I love living in the South. There are so many thing Southern that are comforting to me. Southern foods top the list, and at the top of that list is pimiento cheese. Recently, I met a woman who just moved here from Colorado. “What’s in pimiento cheese?” she asked. Duh — pimientos and cheese!! Well, of course there’s some mayo to hold it together, but it’s basically pimientos and cheese.

In recent years, pimiento cheese has become more creative. Chipotle, jalapeños, pecans and even dried fruit are added to make it special. I like those newer versions but I’m still a fan of the simple original. It’s cheap food, relatively speaking, and it goes well by itself on two slices of bread. It’s easy to bring for lunch. Just add some veggies on the side for a great meal.

I didn’t realize pimiento cheese was a Southern Food until I moved away. You just don’t see it up north. Of course, I never did find much good comfort food up north except Chicago pizza and cannolis from the North End in Boston. And, I remember the evening I brought a bucket of fried chicken to a sunset picnic on the shore of Lake Michigan with my ex and his son, Ryan. They laughed at the fact that fried chicken would be considered picnic food. What?? Every time we drove more than 30 minutes down the road, my Mawmaw fried a chicken. Those yanks just don’t get southern food. I definitely don’t think they would have appreciated pimiento cheese.

I eat my pimiento cheese on whole grains now. I was raised on white bread and pimiento cheese, but I just don’t stock it anymore. My favorite pimiento cheese in Memphis is from Whole Foods. It’s light on mayo and heavy on great cheese. I cringe every time I pay $5.00 for it, but I love it. Lucchesi’s has a good specialty one. I’m not sure what it has in it, but I try to get it every now and then when I’m out that way.

Lots of restaurants add pimiento cheese to burgers. I mean, it’s cheese and mayo, that’s sort of a no-brainer to add to a burger. At home, I’ll make a pimiento cheese grilled cheese sandwich. I love it with a bowl of tomato soup. It’s easy to make pimiento cheese at home, but I’ve just never gotten the right mix down, so I just buy it from somewhere I like. One of these days, I’ll get it right.
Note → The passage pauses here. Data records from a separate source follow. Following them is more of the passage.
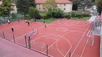 Každou velkou přestávku chodí děti z celého prvního stupně na školní hřiště, kde si mohou půjčit míče a různé sportovní vybavení. Děti z druhého stupně také mohou chodit ven. Účast je menší, ale několik fotbalistů, basketbalistů nebo volejbalistek hřiště také solidně zaplní. Žáci pátých tříd se pravidelně ráno otužují. V otužování budou pokračovat po celý rok. Čtvrťáci mají každé ráno, než začnou přemýšlet, rozcvičku na hudbu.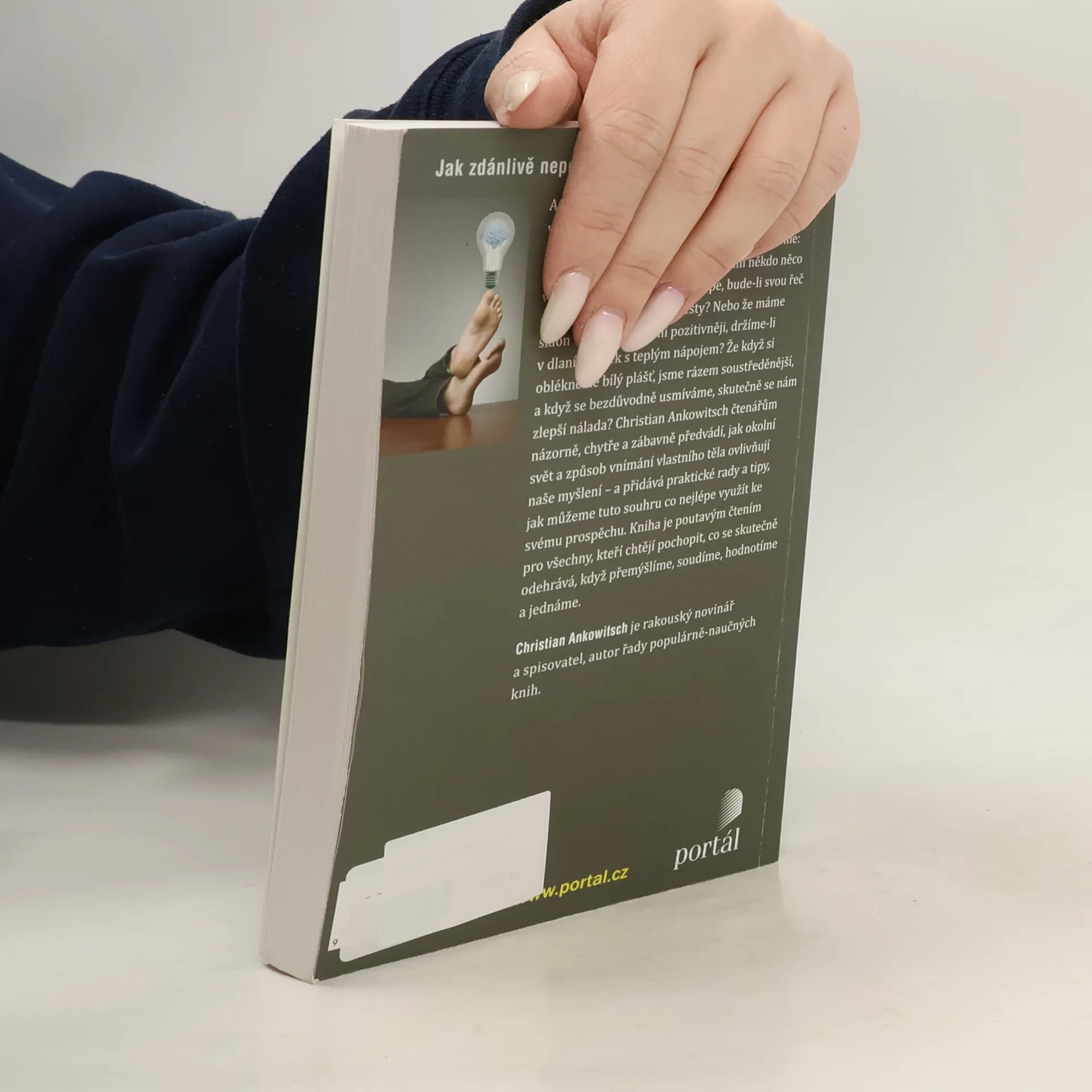 Jak zdánlivě nepodstatné věci ovlivňují naše myšlení – autor v této knize zkoumá mechanismy, jimiž se vzájemně ovlivňuje tělo a mozek, mechanismy, které obvykle buď nevnímáme, nebo podceňujeme: Kdo kupříkladu ví, že když nám někdo něco vysvětluje, porozumíme mu lépe, bude-li svou řeč doprovázet příslušnými gesty? Nebo že máme sklon vnímat své bližní pozitivněji, držíme-li v dlaních šálek s teplým nápojem? Christian Ankowitsch čtenářům názorně, chytře a zábavě předvádí, jak okolní svět a způsob vnímání vlastního těla ovlivňují naše myšlení – a přidává praktické tipy, jak tuto souhru co nejlépe využít k vlastnímu prospěchu. Poutavá kniha pro všechny, kteří chtějí pochopit, co se skutečně odehrává, když přemýšlíme, soudíme, hodnotíme a jednáme.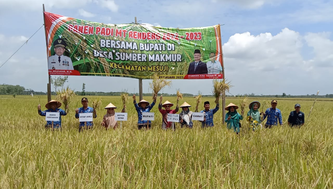 Mesuji Lampung,(Topikindonesia.Id)- Pejabat Bupati Mesuji Drs.Sulpakar, MM didampingi ketua TP PKK Kabupaten Mesuji Pori Karlia Sulpakar, Ketua DPRD Kabupaten Mesuji, Asisten Bidang Administrasi dan Pemerintahan Umum Kabupaten Mesuji, Staf Ahli Bupati, Kepala Dinas Pertanian Kabupaten Mesuji, Kepala Bappelitbangda Kabupaten Mesuji, Kepala Dinas Ketahanan Pangan Kabupaten Mesuji, Kepala pelaksana BPBD kabupaten Mesuji, melaksanakan Musrenbang Tingkat Kecamatan dan Panen Raya di Desa Sumber Makmur Kecamatan Mesuji, Jumat (17/02/2023)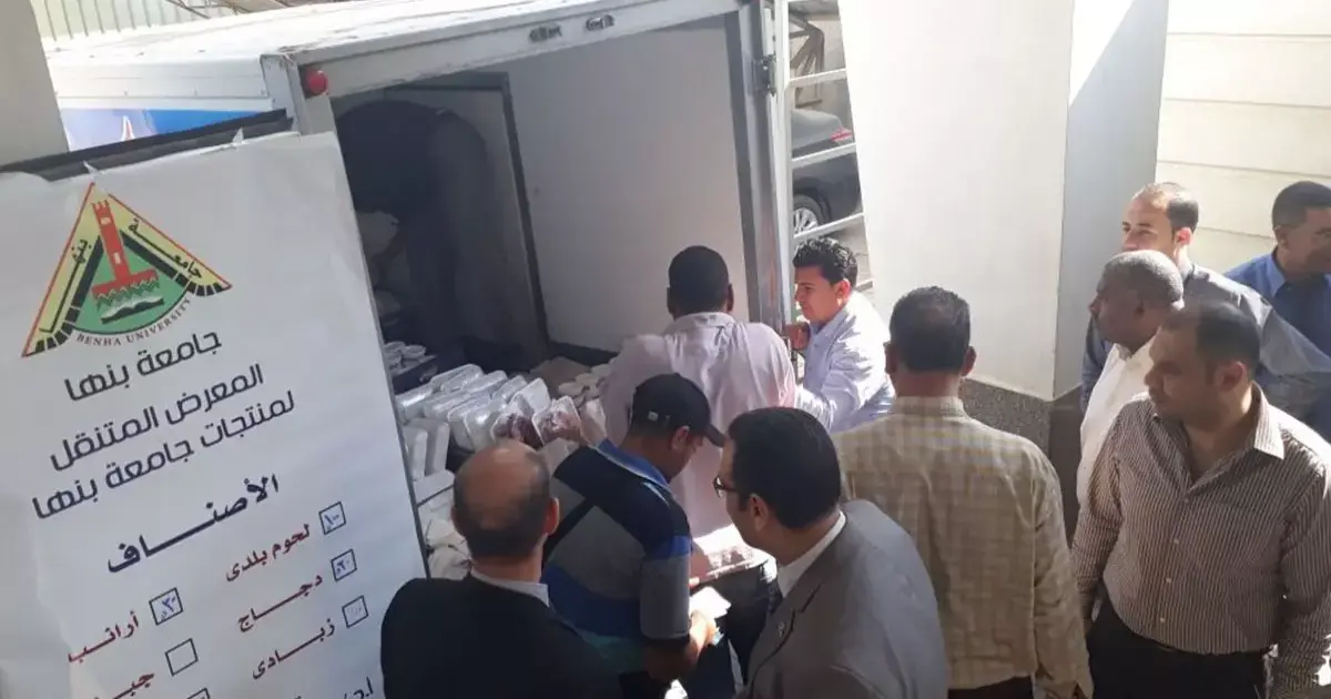 نظمت جامعة بنها، بالتعاون مع مركز معلومات مجلس الوزراء، معرضاً متنقلاً لمنتجات الجامعة، من كليات الزراعة والطب البيطري والعلوم، من المواد الغذائية واللحوم والدواجن والأرانب والألبان والمنظفات الصناعية.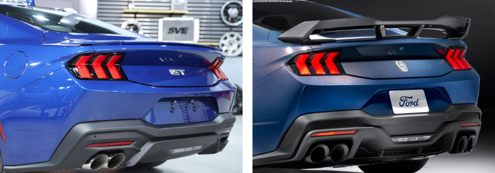 Beim GT hat man die Wahl zwischen 12 unterschiedlichen Farben inklusive des knalligen Yellow Splash Metallic. Den Dark Horse gibt es hingegen lediglich in 9 Farben, dafür kann man z.B. nur bei ihm das elegante Blue Ember Metallic wählen. Der Dark Horse verfügt allerdings über tiefere Seitenschweller, einen festen Heckflügel, einen vom Rennsport inspirierten Diffusor, eine Abgasanlage mit schwarzen Auspuff Vierfach-Endrohren, abgedunkelten LED Scheinwerfern, einen markant glänzenden schwarzen Kühlergrill sowie lackierten Lüftungsschlitzen in der Motorhaube. Kurz zusammen gefasst kann man sagen, er wirkt einfach wesentlich böser und aggressiver als der GT, der mit einem deutlich unauffälligeren Body Kit inklusive silbernen Auspuff-Vierfach-Endrohren ausgestattet ist. Beide Modelle stehen übrigens serienmäßig auf 19 Zoll Räder, allerdings in unterschiedlichen Designs.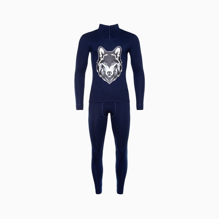 Термобельё мужское НАЧЁС (фуфайка, кальсоны) принт волк, цвет тёмно-синий, размер 50
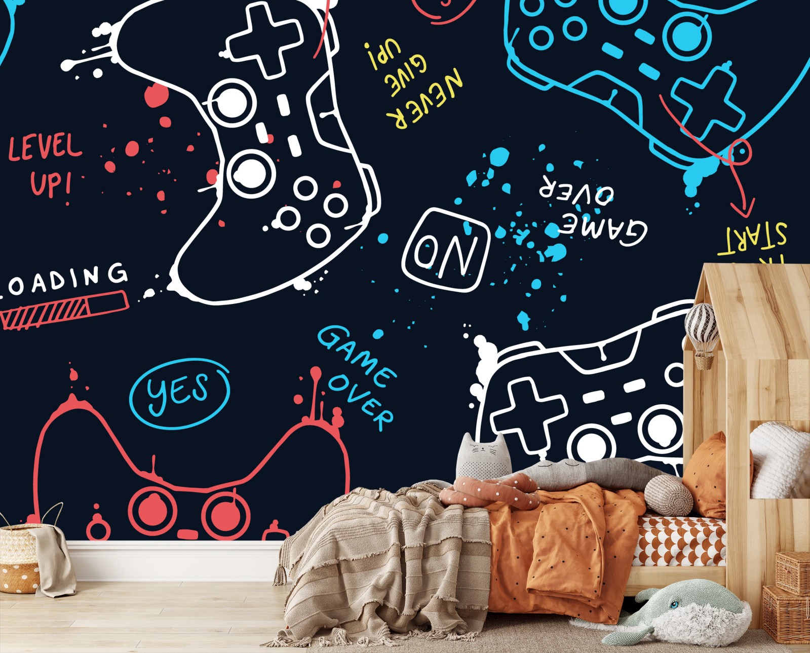 kräftiges und verspieltes gamepad-muster mit neonfarbenen akzenten und dynamischen spritzern belebt kinderzimmer oder gaming-bereich.MehrWeniger

I think the thing I really like the most about pimiento cheese has been its history in my life and it’s place in my best memories. It wouldn’t be a Southern wedding if there were no pimiento cheese sandwiches. Somebody always makes pimiento cheese sandwiches for the meal following funerals. And, one of my favorite memories of my first mother in law was sitting down with her to eat her homemade pimento cheese sandwiches at her kitchen table in Clinton LA. It was a daily event when we visited.

So, what’s in pimiento cheese? I may have answered my friend too abruptly. It’s a mixture of tradition, memories and Southern flair with a touch of cheese and pimientos. I think I’ll go make a sandwich. All of a sudden I have a hankering for pimiento cheese.


Southern Living’s Take on Pimiento Cheese


8 Comments on “Southern Lunchtime Comfort: Pimiento Cheese

  1. Yum! I’ll have to try those. I like Holiday Ham’s jalapeno version on whole grain.

    • Oh, yeah! Theirs is another good one. I don’t like the chemical taste of the store bought brands. I’ll spend more to get homemade taste! We should meet at Lucchesi’s for lunch one day.

  2. Mmmm! My grandpa “Bubba” (how’s that for southern?!) used to always make it and serve it to us after we’d go fishing. Definitely brings back memories, may have to swing through Whole Foods to snag some 🙂

  3. I love all things southern but I live in the Pacific Northwest. My son lives on the Gulf, however.

    • Is he caught up in the hurricane? I read your blog about the crop circles. I lived in Seattle for awhile and travelled across the mountains to Yakima and Spokane from time to time.

      • He boarded up the house, but then the hurricane changed direction and all they got was wind and rain.
        I live in Wenatchee–north of the I90 corridor. What a difference in climate and terrain when you cross the mountains, huh?